The impact of sc-CMGAN on bulk deconvolution was also examined in other datasets, namely GSE81547, Kidney HCL, and PBMCs datasets (Fig. 4, Table 4). The results showed improvements in Pearson correlation values for most conditions, except for the analysis of PBMCs data using the MuSiC method. In the analysis of Kidney HCL and PBMCs datasets using the BisqueRNA method, sc-CMGAN significantly improved the RMSE (Kidney HCL: p = 0.039, PBMCs: p = 0.005). Furthermore, MuSiC analysis of the Kidney HCL dataset initially encountered the “Not enough valid cell type” error, however, data augmentation using sc-CMGAN allowed for error-free deconvolution in this dataset. All the detailed results, including the best epoch and cell numbers from this experiment, can be found in the supplementary data.

Table 4 RMSE and Pearson correlation values from the datasets of GSE81547, PBMCs and Kidney HCL.

Full size table

Deconvolution in real bulk RNA sequence dataset

Using Baron's dataset as a reference, we performed bulk deconvolution in real bulk RNA sequence data (Fig. 5). As also shown in the study by Wang et al., deconvolution methods overestimated the proportion of α cells⁹. However, all deconvolution methods with augmentation underestimated the proportion of α cells, compared to the deconvolution without augmentation.

Discussion

Bulk deconvolution is a valuable approach for estimating cell type proportions from bulk RNA-seq data, providing a cost-effective alternative to scRNA-seq. In the study, we attempted to improve the performance of bulk deconvolution using data generative methods. While efforts have been made to generate scRNAseq. In silico, the impact of data augmentation on deconvolution remains uncertain¹⁴. Additionally, we developed a new stepwise generative method (sc-CMGAN), and its performance was compared the performance of sc-CMGAN with that of benchmarking generative methods.

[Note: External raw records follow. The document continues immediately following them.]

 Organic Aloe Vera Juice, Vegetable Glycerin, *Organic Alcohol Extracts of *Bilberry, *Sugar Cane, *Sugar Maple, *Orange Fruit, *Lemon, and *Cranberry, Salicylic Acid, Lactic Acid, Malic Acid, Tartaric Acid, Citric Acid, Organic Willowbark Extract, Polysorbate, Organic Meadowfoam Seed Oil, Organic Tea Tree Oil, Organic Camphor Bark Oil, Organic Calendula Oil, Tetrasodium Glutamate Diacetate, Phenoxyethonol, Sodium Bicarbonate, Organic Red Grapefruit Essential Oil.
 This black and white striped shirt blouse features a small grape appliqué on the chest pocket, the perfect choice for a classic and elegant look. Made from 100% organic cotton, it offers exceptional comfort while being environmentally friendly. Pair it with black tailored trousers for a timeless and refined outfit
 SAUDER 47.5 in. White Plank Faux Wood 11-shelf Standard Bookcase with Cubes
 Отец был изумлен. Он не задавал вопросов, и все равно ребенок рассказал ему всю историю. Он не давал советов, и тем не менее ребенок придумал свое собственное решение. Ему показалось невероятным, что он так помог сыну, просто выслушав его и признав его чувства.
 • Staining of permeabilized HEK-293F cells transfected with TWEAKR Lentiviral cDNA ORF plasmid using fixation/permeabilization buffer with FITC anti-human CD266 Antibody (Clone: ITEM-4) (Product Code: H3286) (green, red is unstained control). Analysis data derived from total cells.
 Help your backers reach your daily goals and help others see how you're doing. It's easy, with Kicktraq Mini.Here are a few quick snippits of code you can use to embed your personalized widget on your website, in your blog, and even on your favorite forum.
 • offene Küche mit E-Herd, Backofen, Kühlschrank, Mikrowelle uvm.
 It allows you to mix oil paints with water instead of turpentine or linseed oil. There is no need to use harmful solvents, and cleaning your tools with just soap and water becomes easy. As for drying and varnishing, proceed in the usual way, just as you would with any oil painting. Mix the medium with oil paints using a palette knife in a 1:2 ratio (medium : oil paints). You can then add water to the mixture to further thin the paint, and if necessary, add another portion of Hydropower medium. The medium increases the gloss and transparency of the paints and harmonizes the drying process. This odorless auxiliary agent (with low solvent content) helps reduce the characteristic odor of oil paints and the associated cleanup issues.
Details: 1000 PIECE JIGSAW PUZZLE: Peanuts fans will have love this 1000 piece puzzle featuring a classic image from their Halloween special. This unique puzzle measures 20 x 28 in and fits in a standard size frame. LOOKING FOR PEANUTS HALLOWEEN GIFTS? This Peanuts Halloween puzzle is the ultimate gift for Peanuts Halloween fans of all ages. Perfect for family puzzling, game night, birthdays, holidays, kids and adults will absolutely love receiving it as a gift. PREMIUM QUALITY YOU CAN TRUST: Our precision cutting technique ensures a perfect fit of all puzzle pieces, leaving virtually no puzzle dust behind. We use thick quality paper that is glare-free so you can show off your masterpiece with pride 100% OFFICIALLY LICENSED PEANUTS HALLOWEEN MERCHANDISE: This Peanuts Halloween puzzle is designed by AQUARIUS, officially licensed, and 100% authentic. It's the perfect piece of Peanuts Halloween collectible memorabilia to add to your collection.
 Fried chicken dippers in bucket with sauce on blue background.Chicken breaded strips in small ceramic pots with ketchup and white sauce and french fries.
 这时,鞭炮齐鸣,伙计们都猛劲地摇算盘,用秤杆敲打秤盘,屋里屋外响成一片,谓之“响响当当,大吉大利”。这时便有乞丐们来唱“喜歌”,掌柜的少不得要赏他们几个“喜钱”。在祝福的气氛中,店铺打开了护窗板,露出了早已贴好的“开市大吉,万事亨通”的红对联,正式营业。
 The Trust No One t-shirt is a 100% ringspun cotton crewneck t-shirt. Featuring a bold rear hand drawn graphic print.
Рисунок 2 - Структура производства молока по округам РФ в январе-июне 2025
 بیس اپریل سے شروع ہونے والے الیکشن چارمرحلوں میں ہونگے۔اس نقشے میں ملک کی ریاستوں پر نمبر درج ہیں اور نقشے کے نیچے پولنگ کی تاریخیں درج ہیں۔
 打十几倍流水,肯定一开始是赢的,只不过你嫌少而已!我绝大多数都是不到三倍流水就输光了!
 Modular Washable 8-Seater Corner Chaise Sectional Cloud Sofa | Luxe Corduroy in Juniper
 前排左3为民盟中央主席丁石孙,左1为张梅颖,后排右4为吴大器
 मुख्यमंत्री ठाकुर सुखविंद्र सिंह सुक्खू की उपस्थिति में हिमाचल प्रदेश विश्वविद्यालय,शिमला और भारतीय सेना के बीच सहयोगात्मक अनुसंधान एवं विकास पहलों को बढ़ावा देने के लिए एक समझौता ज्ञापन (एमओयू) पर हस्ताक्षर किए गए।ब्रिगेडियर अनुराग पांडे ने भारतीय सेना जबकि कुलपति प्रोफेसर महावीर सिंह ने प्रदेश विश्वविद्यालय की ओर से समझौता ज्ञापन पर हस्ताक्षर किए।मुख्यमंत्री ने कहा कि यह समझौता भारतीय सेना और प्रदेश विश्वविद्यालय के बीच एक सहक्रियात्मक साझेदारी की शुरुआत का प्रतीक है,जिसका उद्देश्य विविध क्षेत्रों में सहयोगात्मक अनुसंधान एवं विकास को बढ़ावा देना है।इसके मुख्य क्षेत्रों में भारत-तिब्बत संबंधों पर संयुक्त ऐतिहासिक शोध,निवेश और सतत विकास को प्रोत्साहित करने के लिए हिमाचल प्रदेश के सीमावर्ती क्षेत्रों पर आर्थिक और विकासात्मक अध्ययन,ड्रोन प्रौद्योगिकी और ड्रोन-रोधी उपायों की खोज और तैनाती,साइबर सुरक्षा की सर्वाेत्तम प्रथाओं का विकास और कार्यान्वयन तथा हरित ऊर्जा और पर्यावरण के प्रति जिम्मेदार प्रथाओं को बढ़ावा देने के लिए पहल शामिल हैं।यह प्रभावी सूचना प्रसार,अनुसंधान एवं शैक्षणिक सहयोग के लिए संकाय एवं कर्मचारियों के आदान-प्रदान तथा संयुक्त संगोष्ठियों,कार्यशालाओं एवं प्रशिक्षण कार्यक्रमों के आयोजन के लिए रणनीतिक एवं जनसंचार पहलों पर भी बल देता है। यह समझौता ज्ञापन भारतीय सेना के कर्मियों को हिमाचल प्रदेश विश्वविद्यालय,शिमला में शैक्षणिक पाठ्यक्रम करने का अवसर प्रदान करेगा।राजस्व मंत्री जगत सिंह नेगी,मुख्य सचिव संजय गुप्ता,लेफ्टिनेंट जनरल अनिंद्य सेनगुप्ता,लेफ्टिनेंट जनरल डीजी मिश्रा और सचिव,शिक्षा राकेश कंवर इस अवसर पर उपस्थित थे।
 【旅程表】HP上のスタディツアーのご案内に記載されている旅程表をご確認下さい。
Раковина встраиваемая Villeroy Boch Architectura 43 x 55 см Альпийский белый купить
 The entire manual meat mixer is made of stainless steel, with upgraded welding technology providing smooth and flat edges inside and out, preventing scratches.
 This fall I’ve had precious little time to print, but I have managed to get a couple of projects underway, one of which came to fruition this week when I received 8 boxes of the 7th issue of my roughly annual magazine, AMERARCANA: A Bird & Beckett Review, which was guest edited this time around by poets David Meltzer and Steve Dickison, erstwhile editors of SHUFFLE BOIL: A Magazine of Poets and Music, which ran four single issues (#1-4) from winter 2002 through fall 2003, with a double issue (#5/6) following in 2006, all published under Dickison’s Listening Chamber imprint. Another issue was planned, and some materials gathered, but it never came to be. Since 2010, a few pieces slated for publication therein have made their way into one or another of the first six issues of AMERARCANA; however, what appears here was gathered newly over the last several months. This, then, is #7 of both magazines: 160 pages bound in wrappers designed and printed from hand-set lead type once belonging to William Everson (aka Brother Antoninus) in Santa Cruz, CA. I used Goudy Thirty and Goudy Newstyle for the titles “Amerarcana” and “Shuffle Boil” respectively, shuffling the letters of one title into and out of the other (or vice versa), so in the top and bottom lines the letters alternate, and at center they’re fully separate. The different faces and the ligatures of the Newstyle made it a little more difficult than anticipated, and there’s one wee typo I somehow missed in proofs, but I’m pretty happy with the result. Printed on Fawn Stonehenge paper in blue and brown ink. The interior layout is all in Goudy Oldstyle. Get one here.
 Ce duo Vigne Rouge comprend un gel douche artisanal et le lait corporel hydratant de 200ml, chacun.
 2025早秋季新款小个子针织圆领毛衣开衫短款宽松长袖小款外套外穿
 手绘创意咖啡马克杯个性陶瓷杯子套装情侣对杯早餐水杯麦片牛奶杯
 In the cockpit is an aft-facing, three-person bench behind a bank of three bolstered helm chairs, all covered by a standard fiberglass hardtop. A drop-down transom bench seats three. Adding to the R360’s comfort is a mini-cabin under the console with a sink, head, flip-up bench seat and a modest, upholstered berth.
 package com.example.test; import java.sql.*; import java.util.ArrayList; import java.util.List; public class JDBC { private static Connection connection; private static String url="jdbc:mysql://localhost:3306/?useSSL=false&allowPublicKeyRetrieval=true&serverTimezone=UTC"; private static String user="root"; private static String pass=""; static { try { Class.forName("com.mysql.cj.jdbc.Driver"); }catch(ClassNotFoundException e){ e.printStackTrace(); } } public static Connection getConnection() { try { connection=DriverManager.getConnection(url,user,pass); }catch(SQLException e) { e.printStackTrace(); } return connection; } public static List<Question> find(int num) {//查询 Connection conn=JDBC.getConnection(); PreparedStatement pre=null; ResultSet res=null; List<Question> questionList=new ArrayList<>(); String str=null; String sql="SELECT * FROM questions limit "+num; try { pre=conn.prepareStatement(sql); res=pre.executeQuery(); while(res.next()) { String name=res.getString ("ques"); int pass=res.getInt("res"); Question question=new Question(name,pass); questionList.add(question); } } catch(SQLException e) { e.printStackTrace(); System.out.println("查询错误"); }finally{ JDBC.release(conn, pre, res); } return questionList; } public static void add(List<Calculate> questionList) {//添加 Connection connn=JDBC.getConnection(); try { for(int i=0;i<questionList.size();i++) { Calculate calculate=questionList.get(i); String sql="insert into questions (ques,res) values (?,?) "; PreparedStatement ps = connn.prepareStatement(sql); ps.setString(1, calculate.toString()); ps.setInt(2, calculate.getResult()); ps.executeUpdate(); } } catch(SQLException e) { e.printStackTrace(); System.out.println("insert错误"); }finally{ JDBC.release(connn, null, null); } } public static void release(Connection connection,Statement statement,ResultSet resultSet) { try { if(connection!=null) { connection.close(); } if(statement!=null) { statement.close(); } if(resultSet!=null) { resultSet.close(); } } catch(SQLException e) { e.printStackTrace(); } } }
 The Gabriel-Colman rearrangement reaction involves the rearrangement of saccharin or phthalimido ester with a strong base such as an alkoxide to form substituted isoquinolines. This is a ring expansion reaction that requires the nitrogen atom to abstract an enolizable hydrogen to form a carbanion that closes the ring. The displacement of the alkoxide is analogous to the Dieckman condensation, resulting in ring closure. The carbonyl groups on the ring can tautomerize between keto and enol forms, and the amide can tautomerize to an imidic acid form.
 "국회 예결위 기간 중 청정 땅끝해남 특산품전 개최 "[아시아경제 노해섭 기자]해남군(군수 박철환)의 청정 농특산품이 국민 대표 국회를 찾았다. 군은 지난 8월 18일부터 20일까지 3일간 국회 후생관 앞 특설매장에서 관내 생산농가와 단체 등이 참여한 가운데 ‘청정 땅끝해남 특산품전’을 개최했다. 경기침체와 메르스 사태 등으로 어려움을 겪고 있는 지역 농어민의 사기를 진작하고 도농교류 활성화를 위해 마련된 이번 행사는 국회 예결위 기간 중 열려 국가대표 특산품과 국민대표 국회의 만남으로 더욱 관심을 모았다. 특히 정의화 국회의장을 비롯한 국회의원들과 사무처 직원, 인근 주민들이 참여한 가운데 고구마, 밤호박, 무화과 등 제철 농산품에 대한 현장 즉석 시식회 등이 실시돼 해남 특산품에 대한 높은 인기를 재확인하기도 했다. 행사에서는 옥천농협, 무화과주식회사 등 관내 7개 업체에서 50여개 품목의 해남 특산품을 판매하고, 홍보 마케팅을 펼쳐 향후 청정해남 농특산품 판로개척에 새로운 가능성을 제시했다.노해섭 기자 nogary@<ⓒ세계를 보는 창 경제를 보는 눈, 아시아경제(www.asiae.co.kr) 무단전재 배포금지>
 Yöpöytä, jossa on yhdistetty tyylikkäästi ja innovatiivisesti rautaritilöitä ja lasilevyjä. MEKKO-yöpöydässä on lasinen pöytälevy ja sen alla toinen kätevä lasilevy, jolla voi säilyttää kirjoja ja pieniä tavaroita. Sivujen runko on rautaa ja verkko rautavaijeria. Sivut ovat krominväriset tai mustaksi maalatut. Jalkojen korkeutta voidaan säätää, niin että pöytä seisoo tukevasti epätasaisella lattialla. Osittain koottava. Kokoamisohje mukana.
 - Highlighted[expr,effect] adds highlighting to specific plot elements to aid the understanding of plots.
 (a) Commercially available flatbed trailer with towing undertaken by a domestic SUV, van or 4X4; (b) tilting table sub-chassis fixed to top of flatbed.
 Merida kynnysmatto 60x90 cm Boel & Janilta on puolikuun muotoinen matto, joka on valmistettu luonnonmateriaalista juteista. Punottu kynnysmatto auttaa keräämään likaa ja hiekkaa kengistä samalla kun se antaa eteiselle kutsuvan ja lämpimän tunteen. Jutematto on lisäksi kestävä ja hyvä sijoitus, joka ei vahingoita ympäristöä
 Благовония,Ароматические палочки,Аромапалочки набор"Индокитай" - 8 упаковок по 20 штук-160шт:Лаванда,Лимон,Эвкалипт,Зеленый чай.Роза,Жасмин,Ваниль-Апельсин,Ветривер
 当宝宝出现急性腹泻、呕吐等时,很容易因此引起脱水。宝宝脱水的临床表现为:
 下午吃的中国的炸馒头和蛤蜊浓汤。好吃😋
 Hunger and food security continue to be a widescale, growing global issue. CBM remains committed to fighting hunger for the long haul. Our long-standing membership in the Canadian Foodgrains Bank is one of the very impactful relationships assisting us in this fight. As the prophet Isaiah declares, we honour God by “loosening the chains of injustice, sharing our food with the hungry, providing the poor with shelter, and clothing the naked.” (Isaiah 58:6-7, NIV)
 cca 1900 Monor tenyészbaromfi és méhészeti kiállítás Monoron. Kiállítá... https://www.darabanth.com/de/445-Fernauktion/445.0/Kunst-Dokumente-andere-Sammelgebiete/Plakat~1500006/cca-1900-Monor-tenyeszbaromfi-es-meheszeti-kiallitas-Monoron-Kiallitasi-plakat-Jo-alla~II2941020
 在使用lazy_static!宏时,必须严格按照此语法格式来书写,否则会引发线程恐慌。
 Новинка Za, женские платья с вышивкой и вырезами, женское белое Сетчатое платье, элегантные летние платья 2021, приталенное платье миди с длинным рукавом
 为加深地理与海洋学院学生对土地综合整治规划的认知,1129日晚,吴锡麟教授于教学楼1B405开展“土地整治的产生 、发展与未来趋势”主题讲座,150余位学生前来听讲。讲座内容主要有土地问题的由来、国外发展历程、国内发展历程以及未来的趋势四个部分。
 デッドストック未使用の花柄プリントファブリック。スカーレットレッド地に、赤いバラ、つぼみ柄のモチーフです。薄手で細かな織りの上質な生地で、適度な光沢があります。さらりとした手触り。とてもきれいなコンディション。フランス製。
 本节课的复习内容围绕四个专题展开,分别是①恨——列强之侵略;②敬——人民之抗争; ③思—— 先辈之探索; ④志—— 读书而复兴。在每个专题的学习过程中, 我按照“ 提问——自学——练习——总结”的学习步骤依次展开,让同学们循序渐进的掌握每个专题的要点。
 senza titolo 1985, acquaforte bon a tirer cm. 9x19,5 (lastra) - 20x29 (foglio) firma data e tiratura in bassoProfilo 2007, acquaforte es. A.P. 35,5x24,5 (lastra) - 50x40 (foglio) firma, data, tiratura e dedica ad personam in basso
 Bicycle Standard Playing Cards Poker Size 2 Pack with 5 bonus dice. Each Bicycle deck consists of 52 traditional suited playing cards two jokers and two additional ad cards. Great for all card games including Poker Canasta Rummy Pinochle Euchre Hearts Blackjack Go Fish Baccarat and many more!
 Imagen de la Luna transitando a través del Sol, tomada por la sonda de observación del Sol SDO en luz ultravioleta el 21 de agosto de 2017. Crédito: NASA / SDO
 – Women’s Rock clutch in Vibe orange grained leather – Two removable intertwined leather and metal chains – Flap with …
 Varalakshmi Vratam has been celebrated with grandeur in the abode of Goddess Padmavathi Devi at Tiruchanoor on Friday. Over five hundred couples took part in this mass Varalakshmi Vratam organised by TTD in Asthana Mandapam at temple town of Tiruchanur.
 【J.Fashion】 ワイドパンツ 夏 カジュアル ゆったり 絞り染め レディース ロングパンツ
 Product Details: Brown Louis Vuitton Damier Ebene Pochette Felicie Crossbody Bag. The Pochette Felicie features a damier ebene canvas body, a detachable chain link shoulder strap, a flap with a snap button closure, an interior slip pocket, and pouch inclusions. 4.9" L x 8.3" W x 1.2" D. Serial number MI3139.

The results demonstrated that data augmentation using sc-CMGAN consistently improved the performance of all tested bulk deconvolution methods in the Baron’s dataset. While other benchmarking generative methods also led to improvements, sc-CMGAN exhibited two key advantages. Firstly, sc-CMGAN displayed the highest robustness across different deconvolution methods. Notably, significant improvements were observed with SCDC only when using sc-CMGAN. In MuSiC, the performance with TVAE was slightly better than sc-CMGAN, but in BisqueRNA, TVAE showed less improvement compared to the other three methods. Secondly, sc-CMGAN exhibited high stability and improvement regardless of the training epoch, unlike CTGAN, which showed significant performance variations with different epochs. This stability can be attributed to the stepwise strategy employed by sc-CMGAN.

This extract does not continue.